What is expected
Exactly as written, output the lines below starting from the first and ending with the line that contains "Bracciale in argento"; omit pictures.

Supplied entries

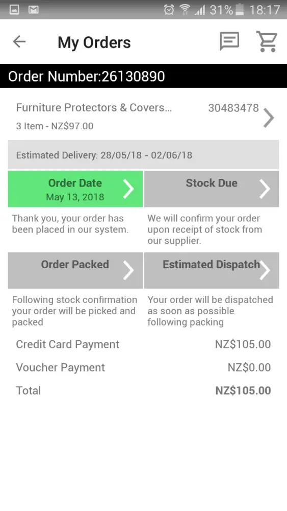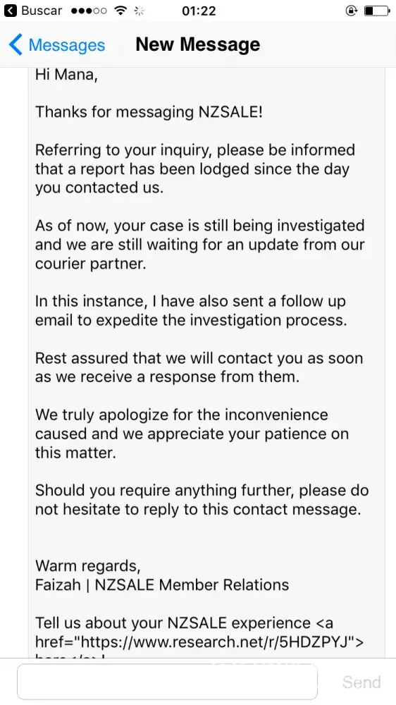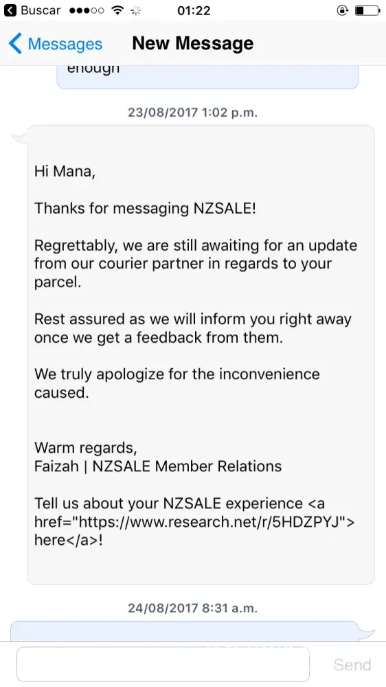 I placed an order on the 18th November for a purse and a 75ml bottle of Gucci Flora perfume(order number [protected]). My purse arrived within the estimated delivery date, however my perfume has not. The estimated delivery date is 5th-10th of December. I've sent three messages on the "Contact" section of the NZSale App and I have sent a message through the Facebook page but I am yet to get a reply. There is also no tracking number provided. The lack of customer support is appalling.
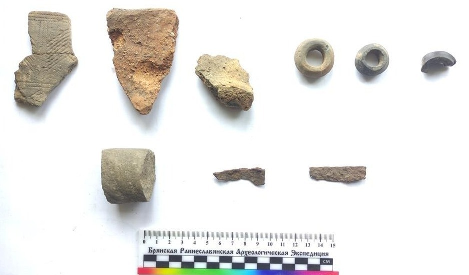 Исследования верхнего слоя Хотылёво 2 были продолжены на пункте Д, который планомерно с небольшими перерывами изучается с 2019 г. В предыдущие годы была изучена часть жилой зоны поселения, расположенная на юго-востоке распространения горизонта киевской культуры. В этот период было изучено 6 жилых построек – типичные полуземлянки с опорным столбом в центре, а также исследован ряд хозяйственных ям. В результате предыдущих исследований было собрано достаточно большое количество индивидуальных находок – пряслица, фрагменты железных ножей, рыболовных крючков, глиняных дисков, а также более десяти целых форм сосудов.
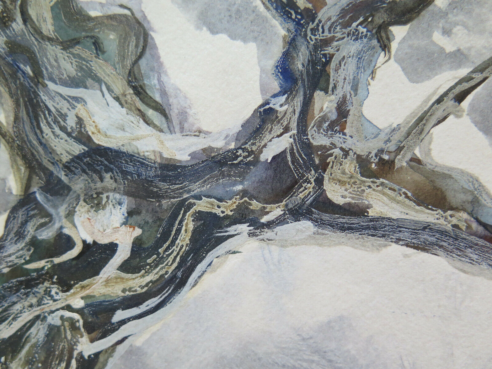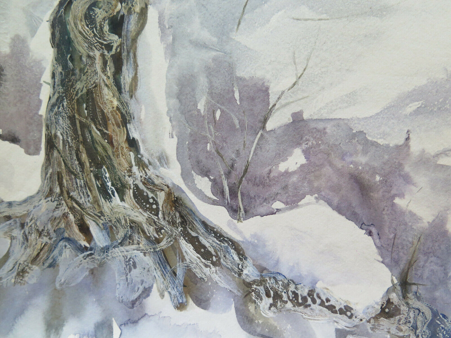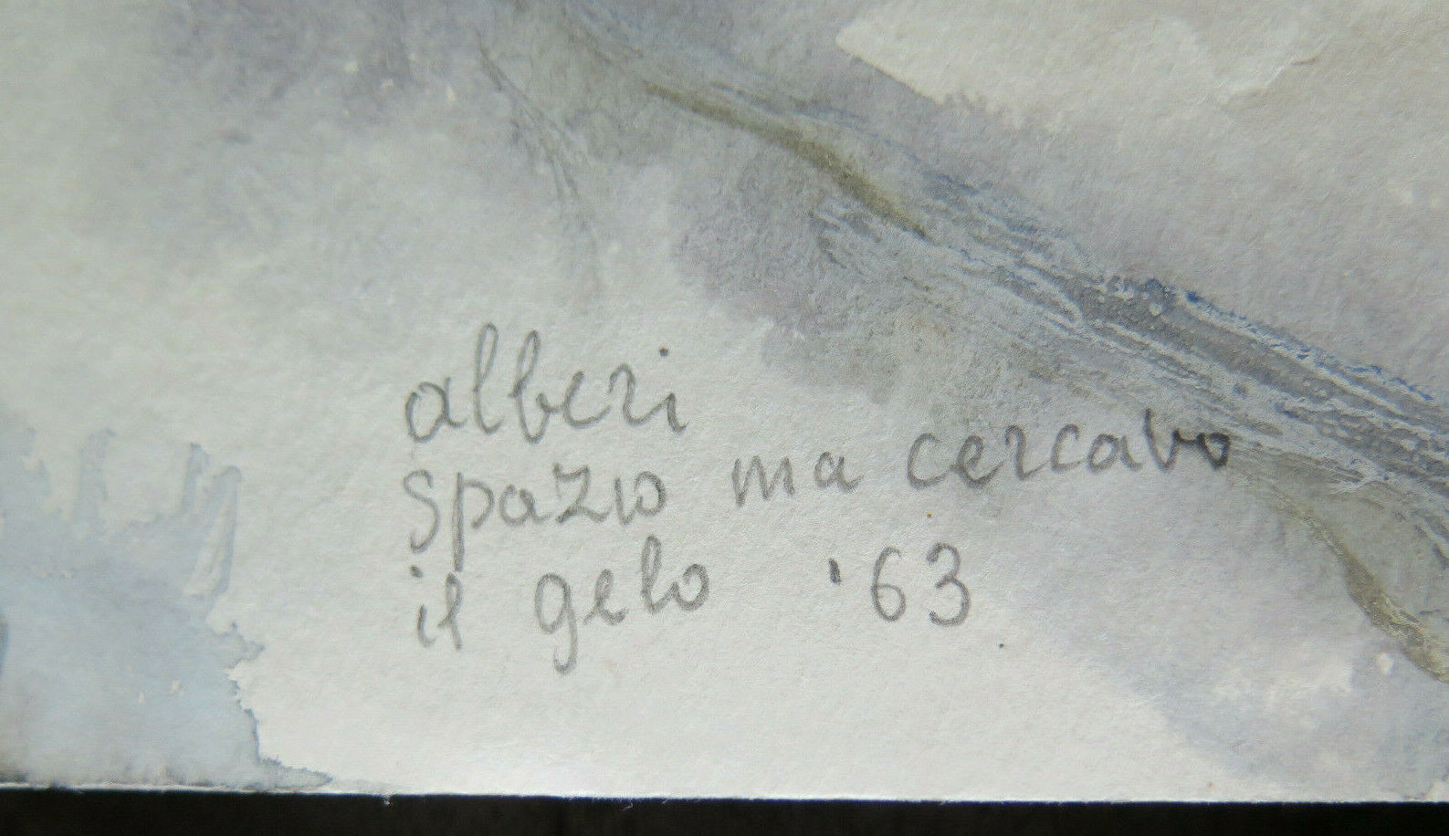 Supporto e tecnica: acquerello su cartoncino. Realizzato con la "tecnica del gelo" per ottenere l'effetto ghiaccio in alcuni aree della superficie pittorica, tale tecnica consisteva nel porre al freddo vero e proprio il dipinto ancora fresco per poi lavorarlo successivamente. Questo effetto è stato creato dal pittore Pancaldi e ricorre in molti suoi lavori soprattutto nella fase della maturità. Autore: Gaetano Pancaldi (Piumazzo di Castelfranco Emilia, 1922-2014).
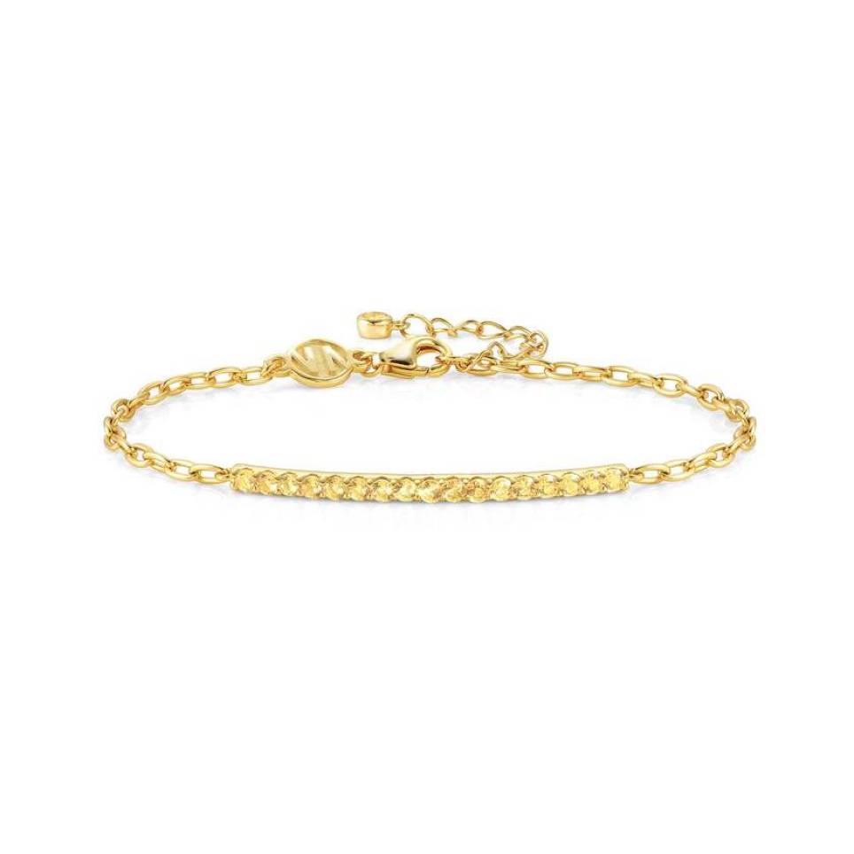 Bracciale in argento 925 dorato e cubic zirconia, lunghezza  regolabile da cm 16,00 a cm 19,00.
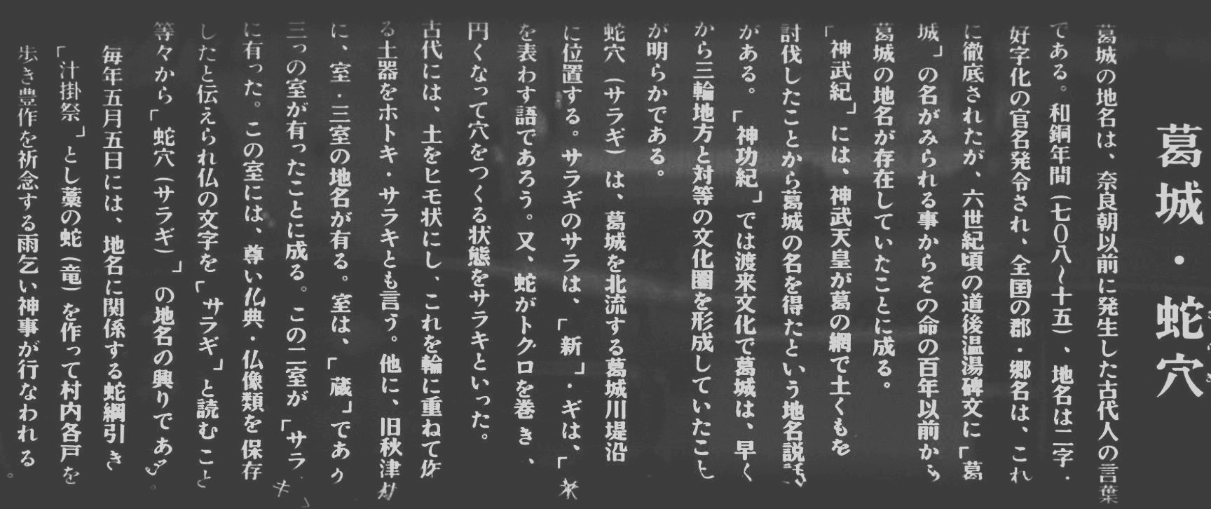 汁掛祭(蛇綱引き)本神社の御祭神は古く神倭伊波礼毘古命及び彦八井命の二神を御祭りされ、それは作物の収穫を掌る水の神(竜神)という御神名で葛城川岸辺に鎮めまつったことから始まる本社は、五穀豊穣を祈願される他、邪気をはらい、諸々の病を除く御守護を賜ることから多くの人々の信仰をあつめている。五月五日に汁掛祭・蛇綱引きが行われる。祭典当日3斗3升3合の味噌でワカメ汁を作り参詣者に汁をかけ厄除を作法とする。他方5月4日の午前から藁で蛇の頭を組み5日に早朝から蛇の胴を作りあげる。体長約十四メートルにも成る。汁掛作法が終わると御神体を先頭に善男善女が村中の一軒一軒蛇綱をひき廻り家々の邪気払い、病除を祈願していく。こうして巡行が終わると神社の蛇塚に蛇綱をトグロに巻き納め行事が終了し、御神体を次番の頭屋に送られ祭がおわる。この祭の由来は神社社記によると、彦八井命の後胤、茨田(ホッタ)の長者が河内の国よりこの地に住んでいた。そこに一人の娘がいた。その頃、茅原郷から葛城山に修行に日参する役の行者小角が居たが、修行の往復に村の筋街道を通るのが常であった。いつしかその娘の恋の的になったが、行者は修行一途で応じることが無く、娘は女の一念から悪息をはきながら行者を呑み込もうと村の森の中にある「穴」にかくれた。5月5日の田植時で村人が野良へ弁当をもって通りかかると、大蛇が火を吹いていた。驚いて持っていた味噌汁を大蛇にぶっかけて逃げ帰った。村人がきて見ると、大蛇が井戸の中に入ったので巨石で口をふさいだ。その後娘の供養にと汁掛祭と蛇綱ひきが行われている。
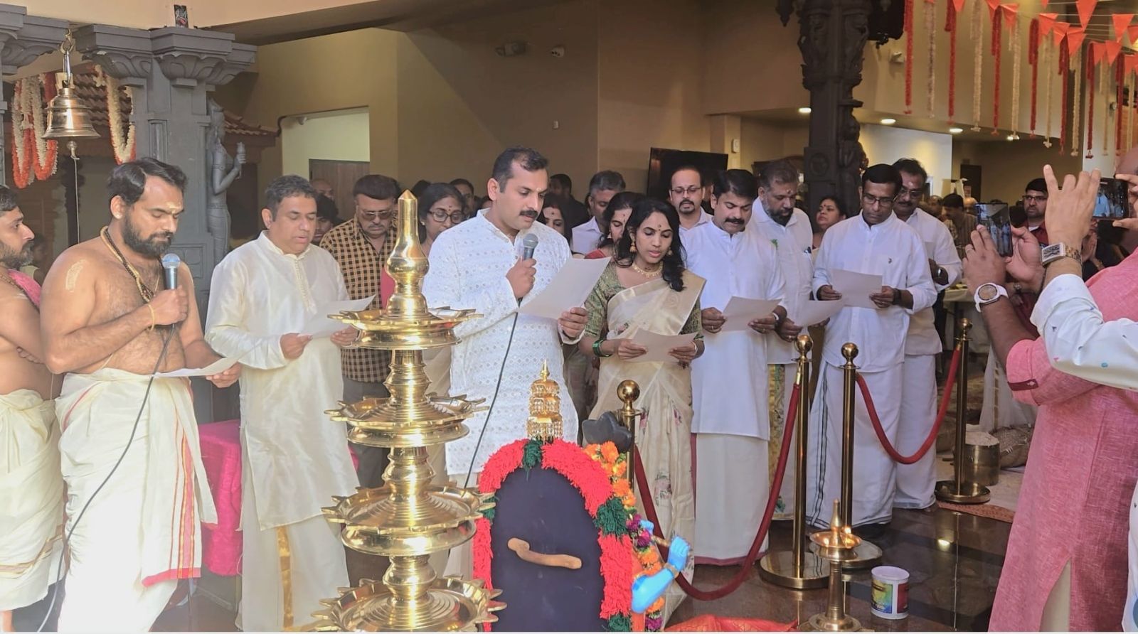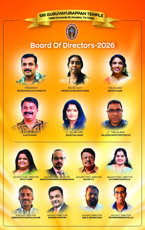 ഭക്തിയും ദിവ്യകാരുണ്യവും നിറഞ്ഞ അന്തരീക്ഷത്തിൽ, ഹ്യൂസ്റ്റൺ ശ്രീ ഗുരുവായൂരപ്പൻ ക്ഷേത്രത്തിന്റെ പുതുതായി തിരഞ്ഞെടുക്കപ്പെട്ട ഡയറക്ടർ ബോർഡ് ഇന്ന് ഔദ്യോഗികമായി ചുമതലയേറ്റു. ധർമ്മം, സേവ, സമൂഹ ഐക്യം എന്നിവയോടുള്ള പുതുക്കിയ പ്രതിബദ്ധതയുടെ പ്രതീകമായ ആത്മീയ ആഘോഷങ്ങളാലും കൂട്ടായ പ്രാർത്ഥനകളാലും ഈ ചടങ്ങ് ശ്രദ്ധേയമായി. . ഈ ശുഭദിനത്തിൽ, ക്ഷേത്രത്തിന്റെ പുതിയ പ്രസിഡന്റായി ഡോ. രാംദാസ് കണ്ടത്ത് ഔദ്യോഗികമായി ചുമതലയേറ്റു. പുതിയ ഭരണ സമതി അംഗങ്ങൾ: പ്രസിഡന്റ് -Dr. രാംദാസ് കണ്ടത്ത്, സെക്രട്ടറി- മീര ആനന്ദ്, ട്രഷറർ- ദീപ നായർ, വൈസ് പ്രസിഡന്റ് -അജിത് നായർ, ജോയിന്റ് സെക്രട്ടറി -സുനിത നായർ, ജോയിൻറ് ട്രഷറർ- രാജേഷ് മൂത്തേഴത്തു, എക്സിക്യൂട്ടീവ് ഡിറക്ടർസ്, വിദ്യ,P. നായർ, രാമചന്ദ്രൻ വടക്കേമഠം, V N രാജൻ, ജയശ്രീ കണ്ണോളിൽ, ഡയറക്ടേഴ്സ് : ശ്രീകാന്ത് ഗോപാലൻ നായർ, രമേശ് അത്തിയോടി, അനിൽ K ഗോപിനാഥൻ, Dr. ഉണ്ണികൃഷ്ണ പിള്ള ക്ഷേത്രത്തിന്റെ ആത്മീയവും അടിസ്ഥാന സൗകര്യപരവുമായ അടിത്തറ ശക്തിപ്പെടുത്തുകയെന്ന ലക്ഷ്യത്തോടെ, വിനയത്തോടും ഭക്തിയോടും കൂടി ഭക്തരെ അഭിസംബോധന ചെയ്തുകൊണ്ട്, പുതിയ ഡയറക്ടർ ബോർഡിന്റെ പുതുവത്സര ദർശനവും പ്രതിജ്ഞകളും അദ്ദേഹം പങ്കുവെച്ചു.പുരോഹിത മന്ദിരങ്ങളുടെ വികസനം, പവിത്രമായ ചുറ്റുവിളക്കിന്റെ നവീകരണം, സനാതന ധർമ്മത്തിന്റെ സമ്പന്നമായ പൈതൃകവും ആത്മീയ സൗന്ദര്യശാസ്ത്രവും പ്രതിഫലിപ്പിക്കുന്ന ചുറ്റുമതിലിൽ പരമ്പരാഗത ചുവർചിത്രങ്ങൾ നിർമ്മിക്കൽ എന്നിവയാണ് പ്രധാന പ്രമേയങ്ങൾ. കൂടാതെ, ക്ഷേത്രത്തിനും ഭക്തർക്കും വലിയ ആത്മീയ പ്രാധാന്യമുള്ള ഒരു സംഭവമായ പവിത്രമായ ദ്വജപ്രതിഷ്ഠ ആഘോഷിക്കാനുള്ള പദ്ധതികൾ ബോർഡ് പ്രഖ്യാപിച്ചു. ക്ഷേത്രത്തിലെ എല്ലാ ആചാരങ്ങളിലും ആത്മീയ അനുഷ്ഠാനങ്ങളിലും എല്ലാ ഭക്തരും സജീവമായും പൂർണ്ണഹൃദയത്തോടെയും പങ്കെടുക്കണമെന്ന് ഡോ. കണ്ടത്ത് ആത്മാർത്ഥമായി അഭ്യർത്ഥിച്ചു, കൂട്ടായ ഭക്തി ക്ഷേത്രത്തിന്റെ ദിവ്യശക്തി വർദ്ധിപ്പിക്കുമെന്ന് ഊന്നിപ്പറഞ്ഞു. ഐക്യത്തിന്റെ ആത്മാവിനെ പ്രതിധ്വനിപ്പിച്ചുകൊണ്ട്, പുതിയ ഡയറക്ടർ ബോർഡ് സമൂഹത്തോട് മാർഗ്ഗനിർദ്ദേശ തത്വം പറഞ്ഞു: “യഥാ ശക്തി, തഥാ ഭക്തി” - ഒരാളുടെ കഴിവിനനുസരിച്ച്, ഒരാളുടെ ഭക്തിയോടെ. എല്ലാ ക്ഷേത്ര പ്രവർത്തനങ്ങളിലും പരിപാടികളിലും ആത്മാർത്ഥതയോടെയും ഐക്യത്തോടെയും വ്യത്യാസങ്ങളില്ലാതെയും പങ്കെടുക്കാൻ അവർ എല്ലാ ഭക്തരെയും ക്ഷണിക്കുന്നു , അതുവഴി ക്ഷേത്രവും ഭക്തരും തമ്മിലുള്ള ബന്ധം ശക്തിപ്പെടുത്തുന്നു. പുതിയ ഡയറക്ടർ ബോർഡിന്റെ മാർഗ്ഗനിർദ്ദേശത്തിൽ ഹ്യൂസ്റ്റൺ ശ്രീ ഗുരുവായൂരപ്പൻ ക്ഷേത്രം ഭക്തിയും സേവനവും ആത്മീയ വളർച്ചയും നിറഞ്ഞ ഒരു പുതുവത്സരത്തിനായി കാത്തിരിക്കുന്നു. ഗുരു

Task solution
 I placed an order on the 18th November for a purse and a 75ml bottle of Gucci Flora perfume(order number [protected]). My purse arrived within the estimated delivery date, however my perfume has not. The estimated delivery date is 5th-10th of December. I've sent three messages on the "Contact" section of the NZSale App and I have sent a message through the Facebook page but I am yet to get a reply. There is also no tracking number provided. The lack of customer support is appalling.
 Исследования верхнего слоя Хотылёво 2 были продолжены на пункте Д, который планомерно с небольшими перерывами изучается с 2019 г. В предыдущие годы была изучена часть жилой зоны поселения, расположенная на юго-востоке распространения горизонта киевской культуры. В этот период было изучено 6 жилых построек – типичные полуземлянки с опорным столбом в центре, а также исследован ряд хозяйственных ям. В результате предыдущих исследований было собрано достаточно большое количество индивидуальных находок – пряслица, фрагменты железных ножей, рыболовных крючков, глиняных дисков, а также более десяти целых форм сосудов.
 Supporto e tecnica: acquerello su cartoncino. Realizzato con la "tecnica del gelo" per ottenere l'effetto ghiaccio in alcuni aree della superficie pittorica, tale tecnica consisteva nel porre al freddo vero e proprio il dipinto ancora fresco per poi lavorarlo successivamente. Questo effetto è stato creato dal pittore Pancaldi e ricorre in molti suoi lavori soprattutto nella fase della maturità. Autore: Gaetano Pancaldi (Piumazzo di Castelfranco Emilia, 1922-2014).
 Bracciale in argento 925 dorato e cubic zirconia, lunghezza  regolabile da cm 16,00 a cm 19,00.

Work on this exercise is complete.